On Jan. 12 of this year, Petricoin e-mailed a Biospect vice president, John T. Stults. Petricoin included information from the government’s collaboration with Correlogic. The heading on one page said: “CO-DEVELOPED THROUGH A CRADA WITH CORRELOGIC SYSTEMS, INC.” The e-mail contained slides explaining how proteins in blood are analyzed for diagnostic use.

On Jan. 22, Petricoin’s government office calendar had a reminder message from Stults about a conference call to be held the next day, saying, “Agenda: Status of the ovarian cancer” clinical trials. Also to be discussed in the call, according to the message, were formal “protocols” for collecting blood serum and “serum stability questions.” Copies of the e-mail and calendar entry were obtained by The Times.

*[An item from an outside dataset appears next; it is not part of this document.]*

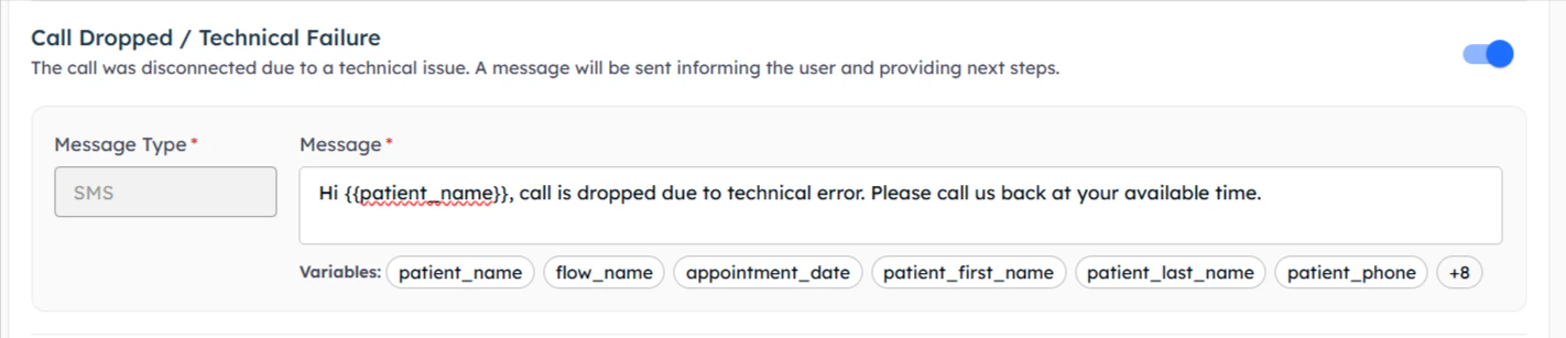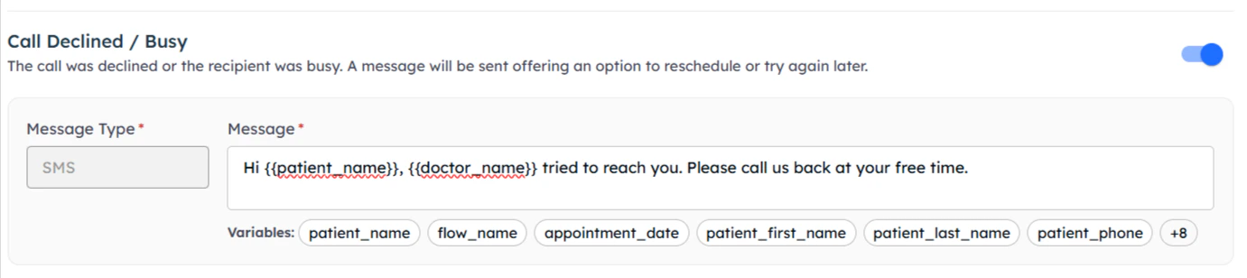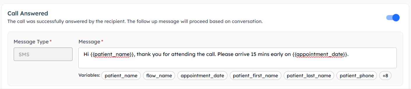 Post-call messages provide targeted follow-up based on specific call outcomes, ensuring continued engagement regardless of call results.Configure different messages for each possible call outcome to maintain engagement and provide appropriate next steps.

The House subcommittee summoned Liotta and Petricoin on May 18 as part of its investigation of NIH conflicts of interest. The two scientists testified that they had not viewed Biospect as a competitor to Correlogic.

Liotta and Petricoin stopped consulting for Biospect days before the hearing. The company was renamed Predicant Biosciences the same month. Company representatives declined to be interviewed for this article.

“I never consulted with Biospect about my CRADAs, never consulted with them about my government work,” Liotta testified.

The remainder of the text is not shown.